Q: What's it like working on a huge initiative like The New 52?

Tony S. Daniel: It was certainly a huge undertaking for me. Detective Comics has never had a relaunch before and it was DC's longest running book. Luckily, Batman is one of the world's most iconic and recognized superheroes ever created. So there wasn't going to be much tinkering on my end. My job was to reacquaint long time readers and new readers alike, using the familiar in a way that it seems fresh. 

Q: How are you balancing making these stories and characters feel fresh and new while still respecting what came before?

TSD: Batman is a character who relies on technology. So luckily, he's a character who has always changed with the times. There's nothing about Batman that is ever outdated because his technology is always more advanced. I chose to introduce new villains for Batman, such as The Dollmaker, and mixing in some old favorites like The Joker and The Penguin.

Q: What would you say defines the character you are working on?

TSD: Batman is defined by his never ending quest for bringing justice to Gotham City. It's an undertaking that is impossible to achieve, but his will to press on and make Gotham City safer no matter the personal sacrifices he must make keeps Batman, and Bruce Wayne, relatable and admirable.

Q: What stories or creators inspire you most when working on your character?

TSD: For me, my love of the character started with Frank Miller's The Dark Knight Returns. Until then, I had only really experienced Batman through the 60s television show. So seeing Batman gritty, forceful and dark while at the same time contrasting with his personal side made him so much more human, or real, to me. Since then I've been inspired or influenced by all the great artists and writers who have come along these past few decades.

Q: So what do you consider to be your character's definitive stories?

TSD: As mentioned, The Dark Knight Returns, as well classics like The Long Halloween, Hush, and most recently, Grant Morrison's The Black Glove and R.I.P.

Q: What have you thought about the response so far for The New 52 and your title as whole?

TSD: I am overwhelmed with the positive reaction. It was a big undertaking, and I thought a big risk, too. But you have to push the envelope with comics. You have to take chances to keep relevant.
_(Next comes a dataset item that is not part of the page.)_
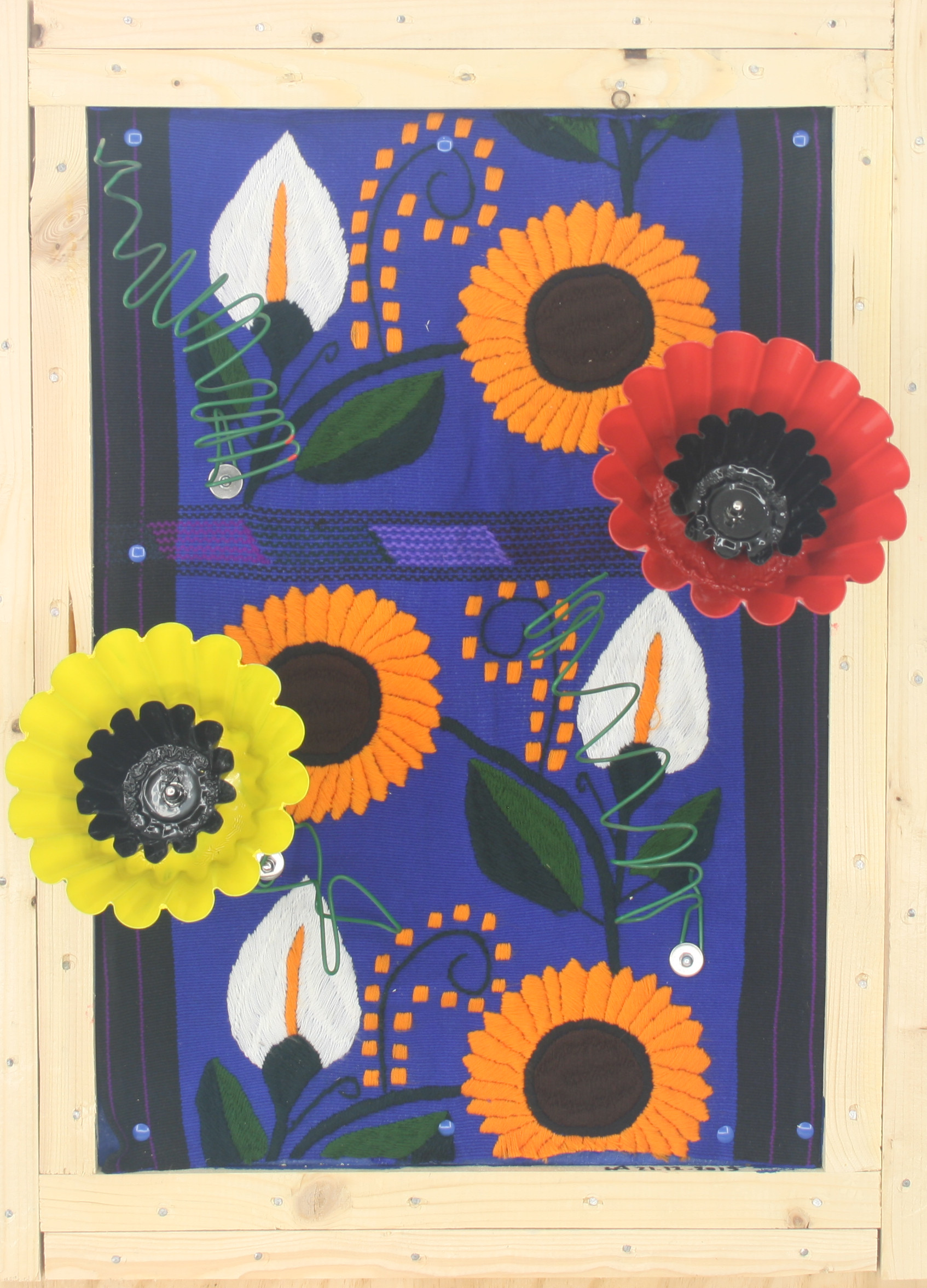 Tabla, camino de mesa, malla metálica, torteras, flaneros

Growing and evolving is absolutely necessary in the arts.

Q: Do you keep up with any of the other New 52 books? Which ones and why?
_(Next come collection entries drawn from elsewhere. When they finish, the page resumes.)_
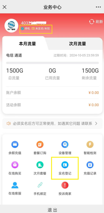 5、手机绑定确定后进入无线宽带“业务中心”页面,页面左上角图示处会显“停机与未实名提示”,选择页面下方“实名登记”选项,进行实名认证。
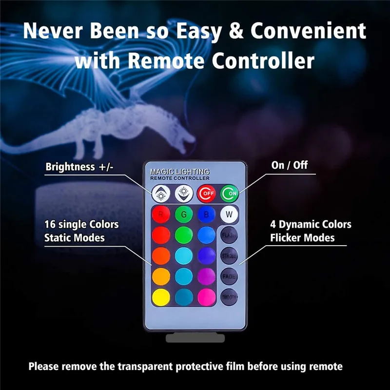 1 шт. пульт дистанционного управления3D ночникНастольная лампа 16 цветовНочной светильник для ребенка, подарок на день рождения, подарок для девочки
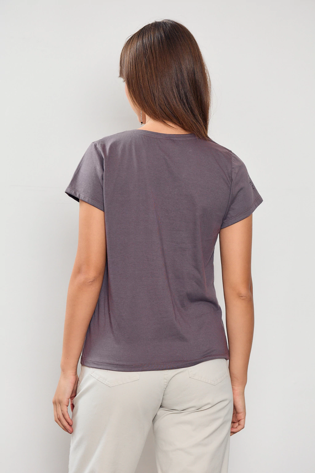 Remera escote en V con texto y estrella bordados. Versátil y combinable para un look de día! Composición: 100% Algodón.
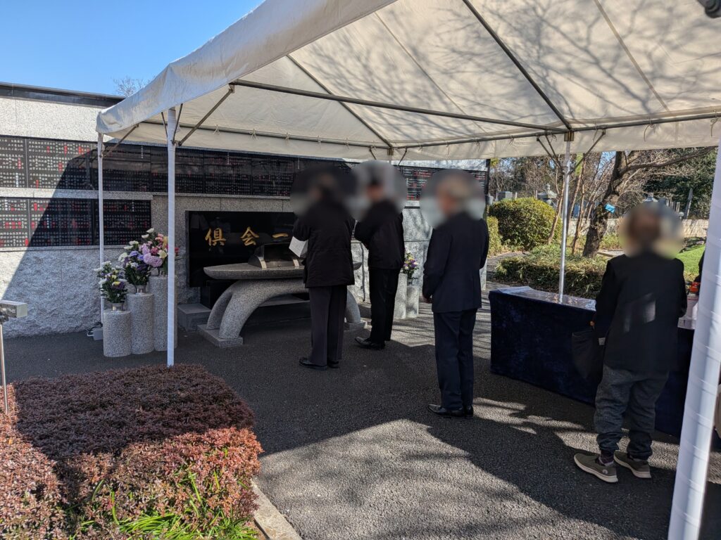 その後、合祀墓へと移動し、松福寺様による読経の中、合祀・焼香と儀式は粛々と進行しました。

TSD: I keep up with all the Batman titles. I have to since it's part of my job to understand what the other writers are doing. I also have been keeping up with all the other big books like Action Comics, Justice League, Wonder Woman, Green Lantern, The Flash and Aquaman. There are too many to list actually, and with my busy schedule, not enough time.

Q: Has social media and increased direct interaction with DC Comics' fans changed your writing/drawing approach at all in regards to The New 52?
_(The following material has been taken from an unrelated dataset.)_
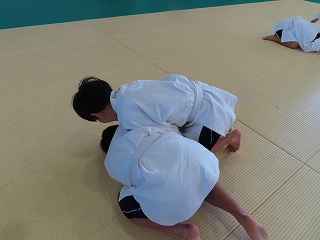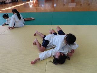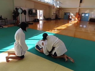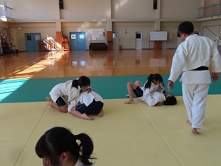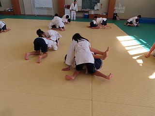 取り組む技能も「受け身」はもちろんこと、「けさ固め」・「横四方固め」などの固め技を2人1組にて取り組んでいきます。ペアも固定せず、クラスの中で誰とでもペアが組めて、誰とでも話し合いながら安全に楽しく取り組めているのがわかります。授業担当の菊岡先生の、丁寧でわかりやすい指導を受け、ペアで協力し教え合いながら、「ペアになって取り組む楽しさ」だけではなく、「技をかける楽しさ」や、「技を外す楽しさ」などを感じながら1時間の授業をあたたかく、楽しいく取り組んでいました。

TSD: I use Facebook primarily to connect with readers. I honestly try not to be influenced by outside sources and look mainly to editorial for that. There are so many fans and so many opinions on what they like or don't like. To a degree, I have cut myself off from reading reviews and forums. I think as a creator, you have to work inward--out, not outward--in

Q: What creators have influenced the new direction you've taken with your book?

TSD: Easily people like Grant Morrison, Frank Miller, Jim Lee, Jeff Loeb, Scott Snyder, Neal Adams, just to name a few. There are so many influences. But beyond comic book authors or artists, my take is influenced by noir and authors like Jim Thompson, one of the early pioneers of the noir style.

Q: So many classic characters have had their looks changed. What has been your favorite character redesign, even if it isn't in your own book?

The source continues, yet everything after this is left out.